Na przeddzień ślubu Isobelle ojciec powiedział mi, że jego kuzyn, Jasper, Lord duńskiego zamku zaprosił mnie i ojca na obchody świąt Bożego Narodzenia. Lubiłam tam jeździć. Dania zawsze kojarzyła mi się z bogactwem wujka. Przed tym mieliśmy tylko odwiedzić moją stryjeczną babkę Lady Fione Blair-Lamont-Barcley. Ta stara wdowa była siostrą mojego dziadka, wdową po admirale Barclay'u. Zgodziłam się wyjechać z ojcem i odwiedzić Fione, chociaż, ze za nią nie przepadałam. Uwielbiałam za to jej męża, który został moim ojcem chrzestnym. Niestety biedaczek zmarł na morzu przed kilkoma laty.

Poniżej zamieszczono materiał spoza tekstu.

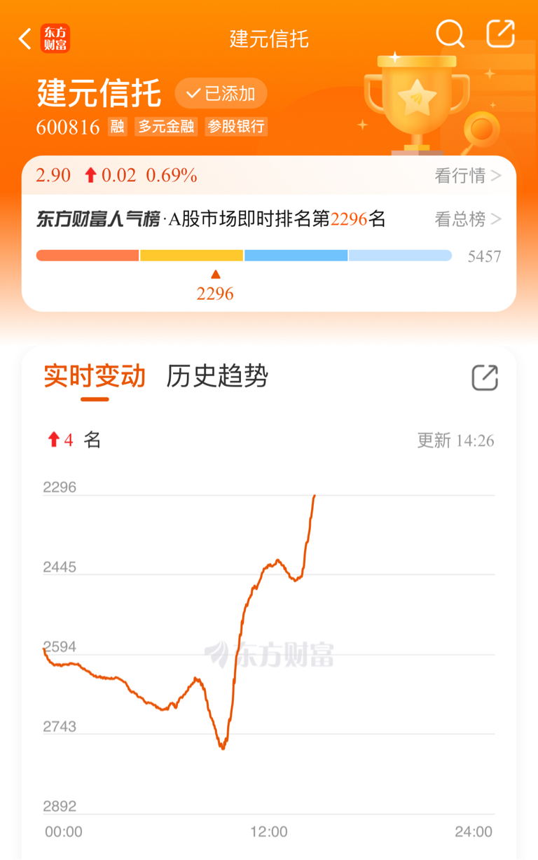 $建元信托(SH600816)$ 人气上来了,呵呵

Tego samego dnia wyruszyliśmy z orszakiem do zamku Lorda Saulton. Ojciec był bardziej zestresowany tym wydarzeniem niż Isobelle. Co chwile powtarzał jej, żeby ta się niczym nie stresowała, bo wszystko jest dobrze i nic nie będzie źle. Kiedy dotarliśmy do zamku Fraserów moja siostra - panna młoda - trochę zaczęła mieć nogi jak z waty. Jej narzeczony powitał nas z należytym nam honorem i zaprowadził Isobelle do jej komnat. Mnie i ojca do komnat odprowadziła Jocasta. Bardzo się cieszyłam, że ją ujrzałam. Po rozpakowaniu się poszłam porozmawiać z Jocastą.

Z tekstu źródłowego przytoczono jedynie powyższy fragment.